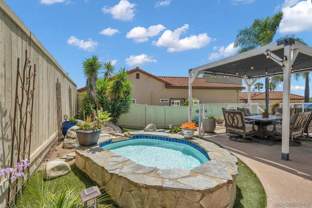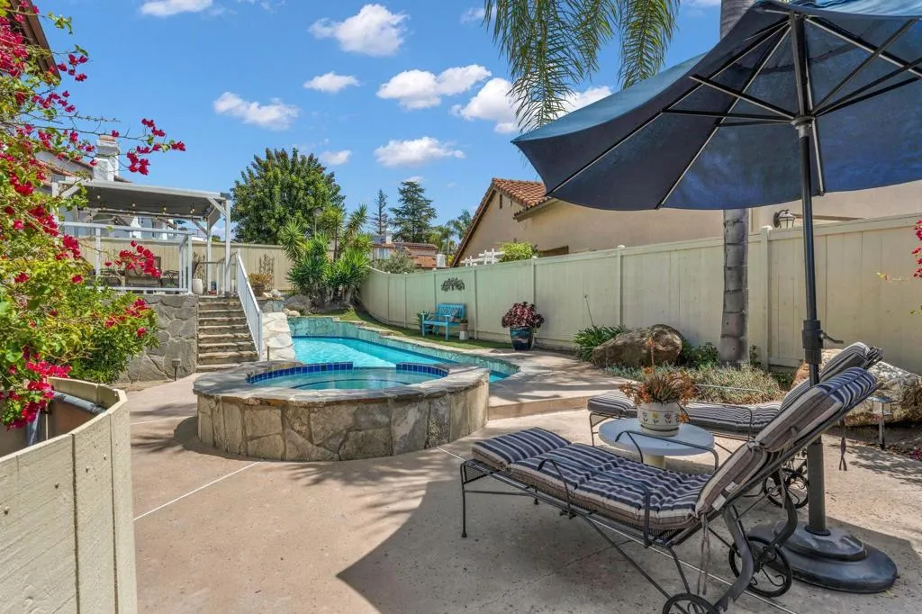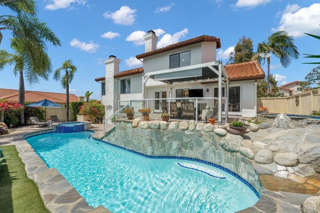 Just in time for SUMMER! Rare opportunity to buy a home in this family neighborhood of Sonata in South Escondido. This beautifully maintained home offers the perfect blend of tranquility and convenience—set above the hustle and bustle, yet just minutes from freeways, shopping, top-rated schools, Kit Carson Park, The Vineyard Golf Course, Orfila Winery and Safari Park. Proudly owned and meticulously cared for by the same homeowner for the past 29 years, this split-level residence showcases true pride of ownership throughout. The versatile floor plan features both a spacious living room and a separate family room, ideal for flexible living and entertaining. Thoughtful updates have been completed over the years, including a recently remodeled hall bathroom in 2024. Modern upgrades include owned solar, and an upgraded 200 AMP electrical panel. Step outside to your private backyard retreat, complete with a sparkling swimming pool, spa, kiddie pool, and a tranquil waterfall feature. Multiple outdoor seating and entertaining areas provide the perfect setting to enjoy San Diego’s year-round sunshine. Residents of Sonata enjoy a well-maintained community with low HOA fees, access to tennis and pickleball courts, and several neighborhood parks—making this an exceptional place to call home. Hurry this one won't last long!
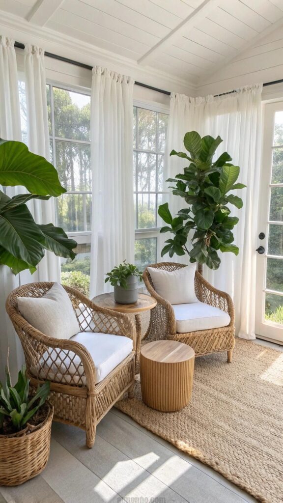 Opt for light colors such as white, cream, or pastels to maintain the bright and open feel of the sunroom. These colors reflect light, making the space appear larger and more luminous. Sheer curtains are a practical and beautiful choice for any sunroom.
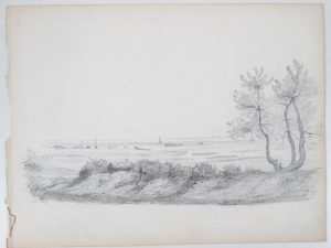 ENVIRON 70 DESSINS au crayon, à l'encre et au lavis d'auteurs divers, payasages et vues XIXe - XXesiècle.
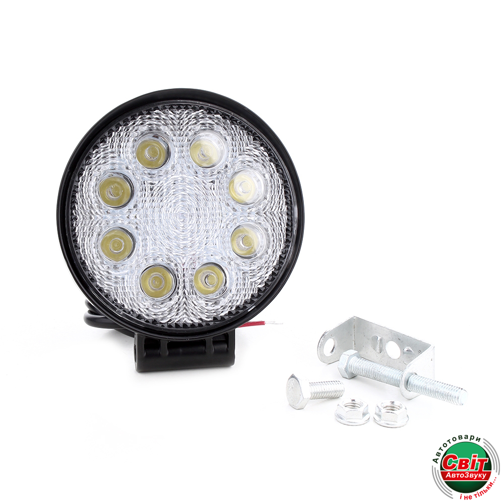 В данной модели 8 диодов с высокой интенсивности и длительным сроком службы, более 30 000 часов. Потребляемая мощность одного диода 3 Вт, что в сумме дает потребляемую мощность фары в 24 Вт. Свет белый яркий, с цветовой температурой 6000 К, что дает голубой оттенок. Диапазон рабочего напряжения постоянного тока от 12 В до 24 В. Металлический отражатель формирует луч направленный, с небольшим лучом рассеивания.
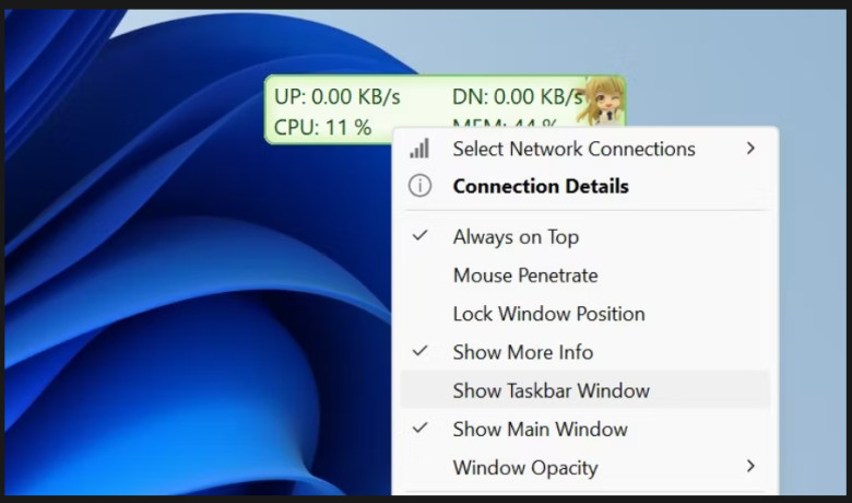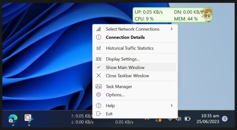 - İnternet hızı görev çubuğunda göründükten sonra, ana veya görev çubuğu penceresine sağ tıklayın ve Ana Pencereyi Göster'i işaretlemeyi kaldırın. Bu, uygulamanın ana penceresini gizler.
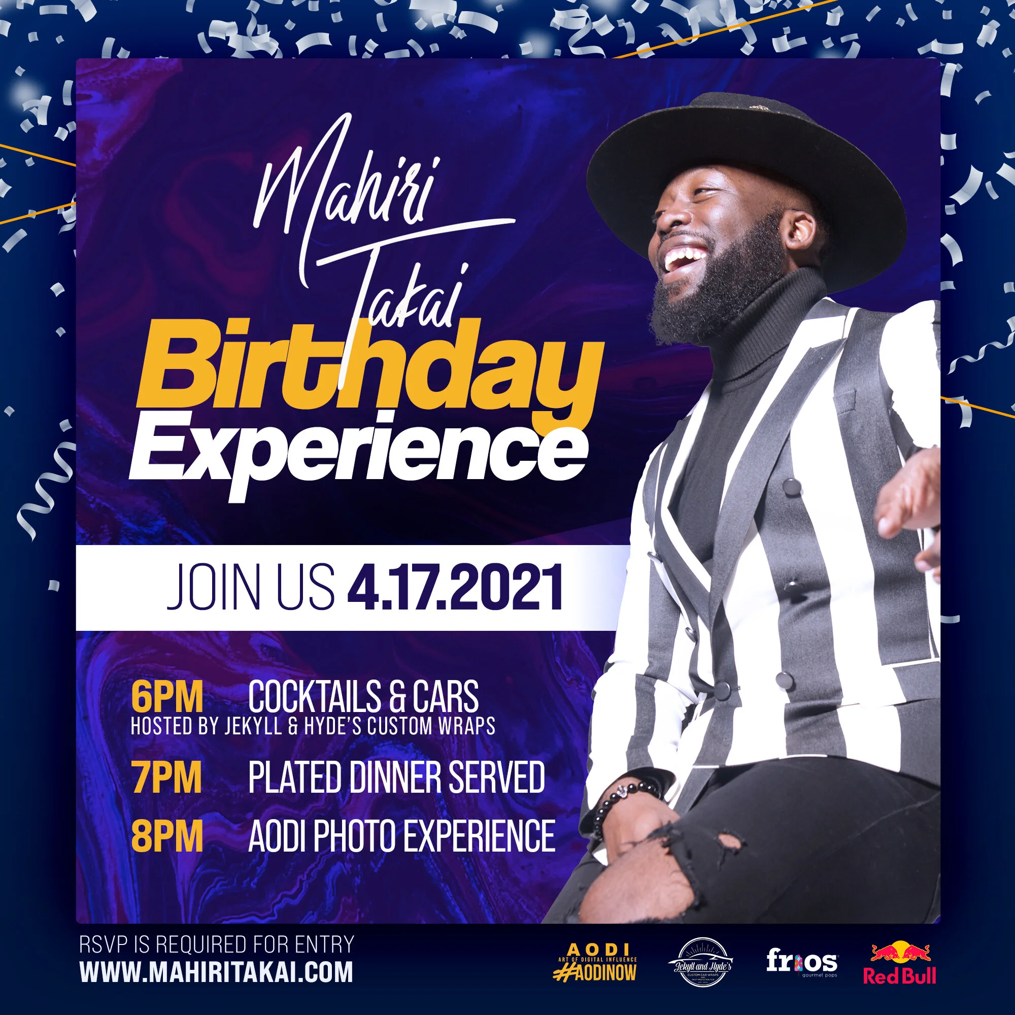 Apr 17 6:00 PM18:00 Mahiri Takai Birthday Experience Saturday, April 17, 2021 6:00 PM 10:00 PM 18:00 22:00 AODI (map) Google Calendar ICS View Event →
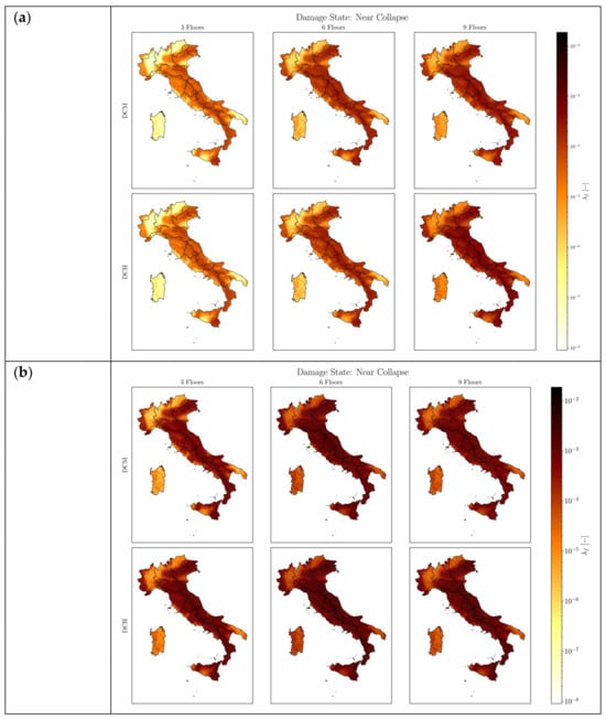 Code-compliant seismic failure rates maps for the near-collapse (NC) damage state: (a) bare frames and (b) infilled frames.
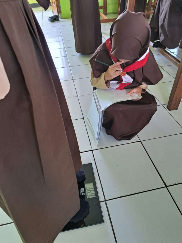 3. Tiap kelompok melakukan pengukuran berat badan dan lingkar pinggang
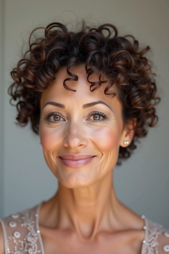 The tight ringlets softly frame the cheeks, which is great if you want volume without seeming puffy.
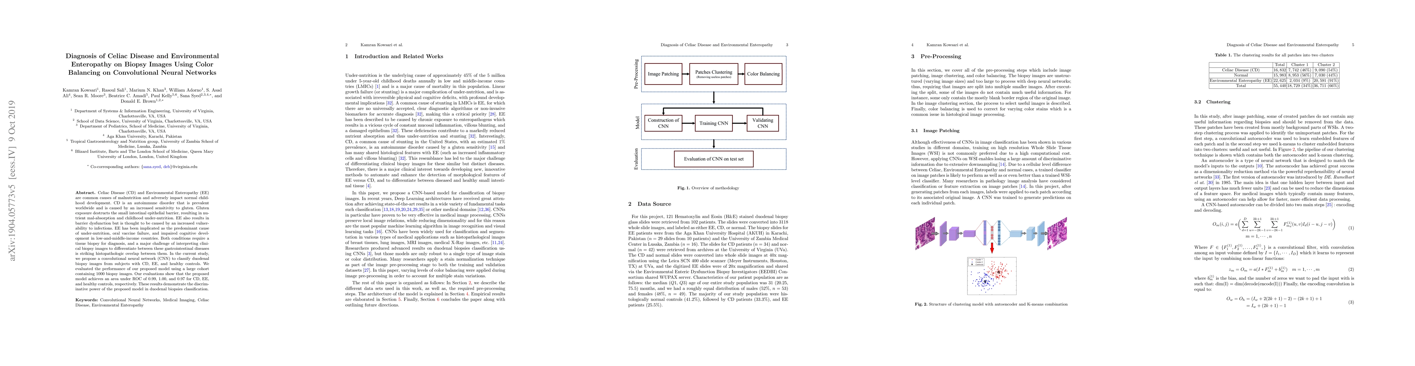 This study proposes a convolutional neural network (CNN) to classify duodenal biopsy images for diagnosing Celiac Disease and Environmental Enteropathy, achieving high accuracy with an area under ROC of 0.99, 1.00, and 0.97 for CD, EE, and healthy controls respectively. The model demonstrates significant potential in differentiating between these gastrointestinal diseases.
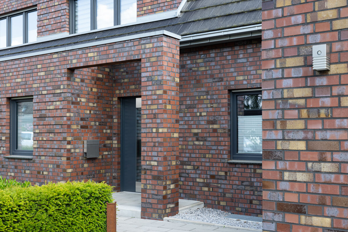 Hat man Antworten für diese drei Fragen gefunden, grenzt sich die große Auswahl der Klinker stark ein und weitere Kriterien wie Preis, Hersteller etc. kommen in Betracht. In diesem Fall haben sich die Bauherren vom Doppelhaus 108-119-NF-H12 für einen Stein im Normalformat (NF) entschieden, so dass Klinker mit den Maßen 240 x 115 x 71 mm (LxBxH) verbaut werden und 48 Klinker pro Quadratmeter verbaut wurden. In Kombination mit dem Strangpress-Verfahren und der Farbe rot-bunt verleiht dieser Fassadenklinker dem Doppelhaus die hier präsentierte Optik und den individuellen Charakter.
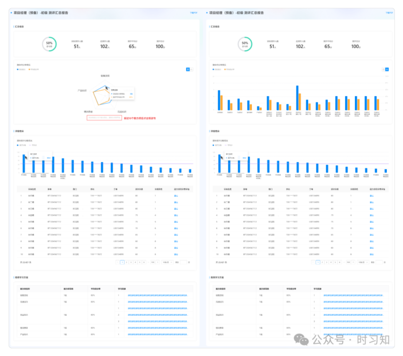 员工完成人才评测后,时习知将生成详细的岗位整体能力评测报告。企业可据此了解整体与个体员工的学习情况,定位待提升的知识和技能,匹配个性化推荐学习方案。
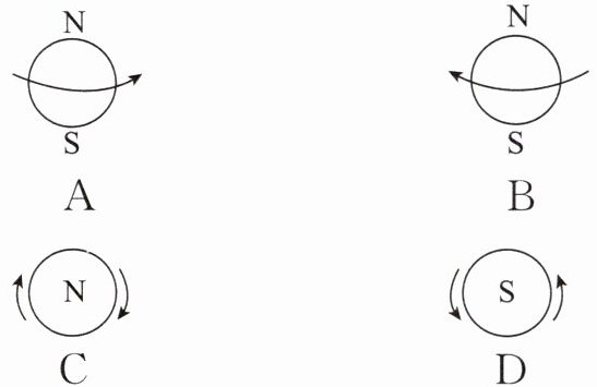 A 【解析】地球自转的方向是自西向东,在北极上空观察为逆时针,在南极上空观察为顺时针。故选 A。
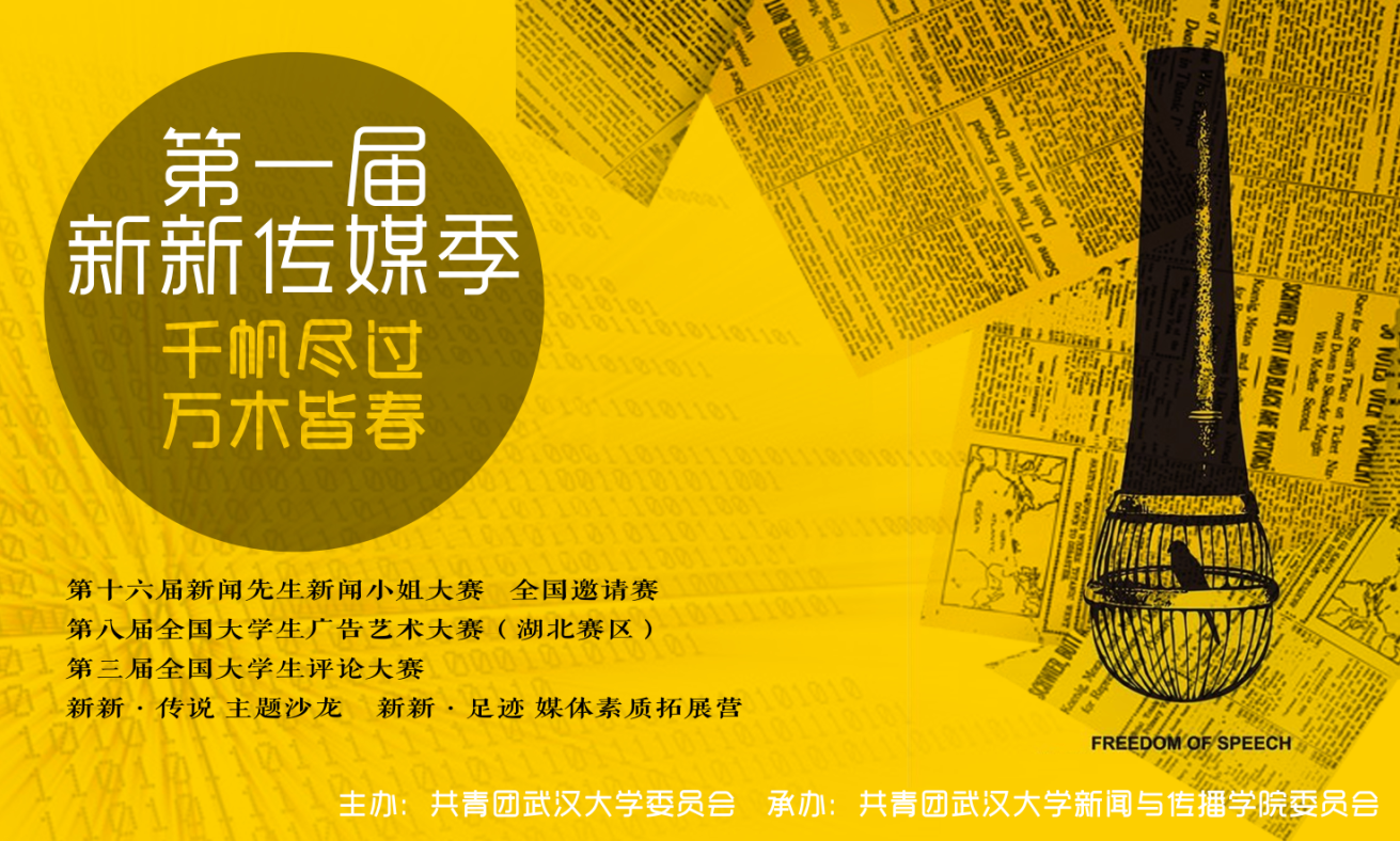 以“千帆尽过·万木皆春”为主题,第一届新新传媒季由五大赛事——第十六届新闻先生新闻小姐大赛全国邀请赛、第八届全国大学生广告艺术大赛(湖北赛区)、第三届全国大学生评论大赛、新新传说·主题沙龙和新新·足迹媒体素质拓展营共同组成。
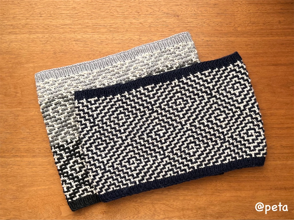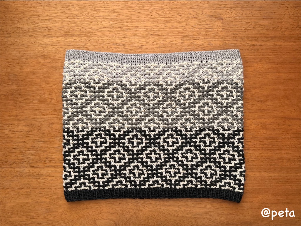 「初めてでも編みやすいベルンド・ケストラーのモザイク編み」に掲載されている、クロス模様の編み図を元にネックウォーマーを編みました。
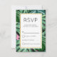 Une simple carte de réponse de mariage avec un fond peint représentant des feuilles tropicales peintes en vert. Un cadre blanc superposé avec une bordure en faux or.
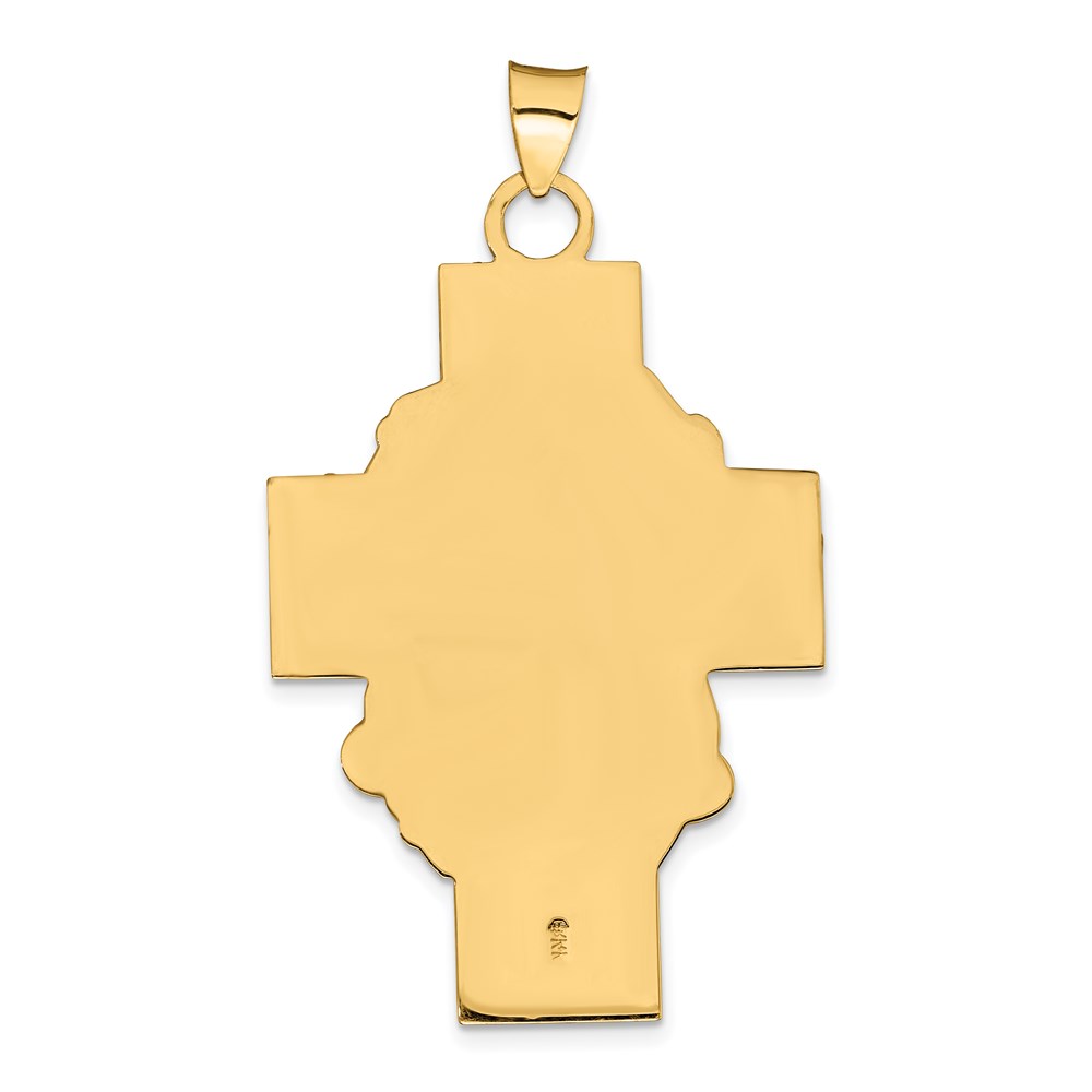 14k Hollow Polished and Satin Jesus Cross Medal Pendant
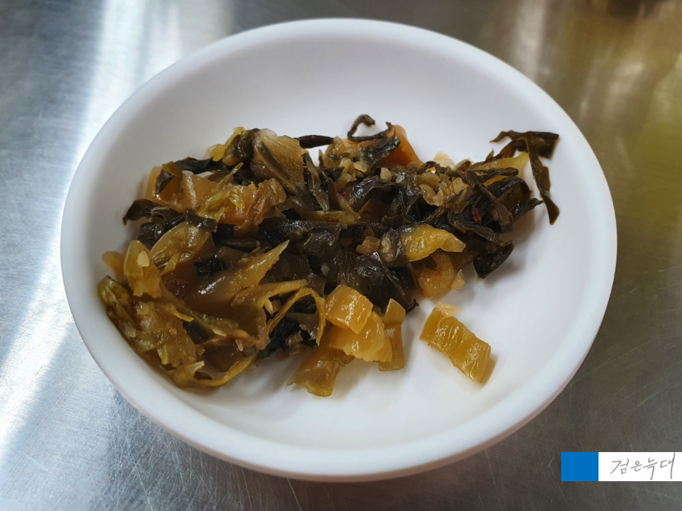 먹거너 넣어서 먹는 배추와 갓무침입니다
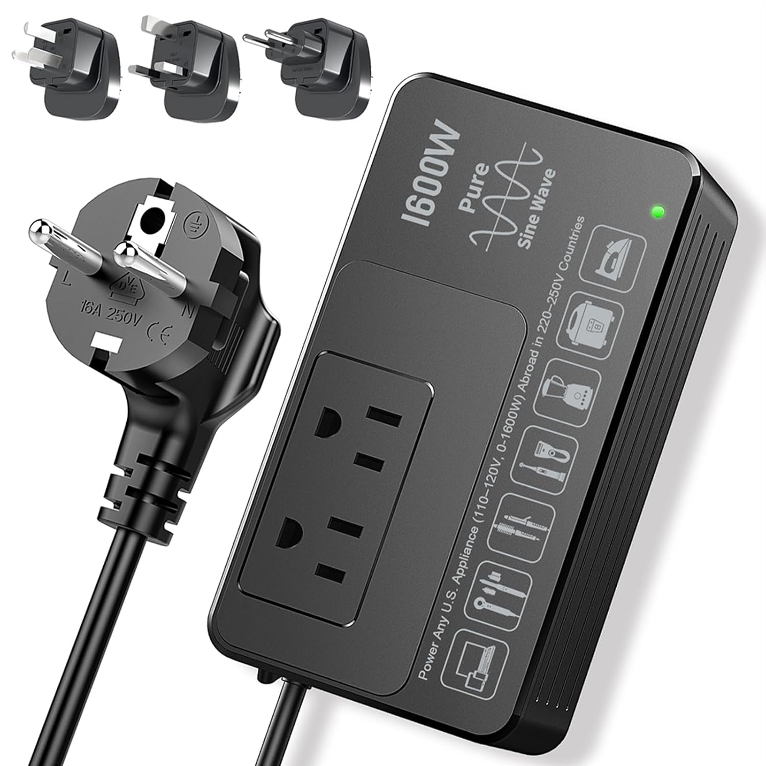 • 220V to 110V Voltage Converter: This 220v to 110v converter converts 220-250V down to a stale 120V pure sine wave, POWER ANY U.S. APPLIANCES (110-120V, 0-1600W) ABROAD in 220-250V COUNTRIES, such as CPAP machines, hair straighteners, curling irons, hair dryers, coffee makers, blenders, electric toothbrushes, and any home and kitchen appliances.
........
WHAT THE TASK ASKS ▸ Both the line containing "Apr 17 6:00" and the line containing "This study proposes" above belong in the output, as do the lines between them. Print them exactly, without pictures.

SOLUTION TO THIS PROBLEM ▸
 Apr 17 6:00 PM18:00 Mahiri Takai Birthday Experience Saturday, April 17, 2021 6:00 PM 10:00 PM 18:00 22:00 AODI (map) Google Calendar ICS View Event →
 Code-compliant seismic failure rates maps for the near-collapse (NC) damage state: (a) bare frames and (b) infilled frames.
 3. Tiap kelompok melakukan pengukuran berat badan dan lingkar pinggang
 The tight ringlets softly frame the cheeks, which is great if you want volume without seeming puffy.
 This study proposes a convolutional neural network (CNN) to classify duodenal biopsy images for diagnosing Celiac Disease and Environmental Enteropathy, achieving high accuracy with an area under ROC of 0.99, 1.00, and 0.97 for CD, EE, and healthy controls respectively. The model demonstrates significant potential in differentiating between these gastrointestinal diseases.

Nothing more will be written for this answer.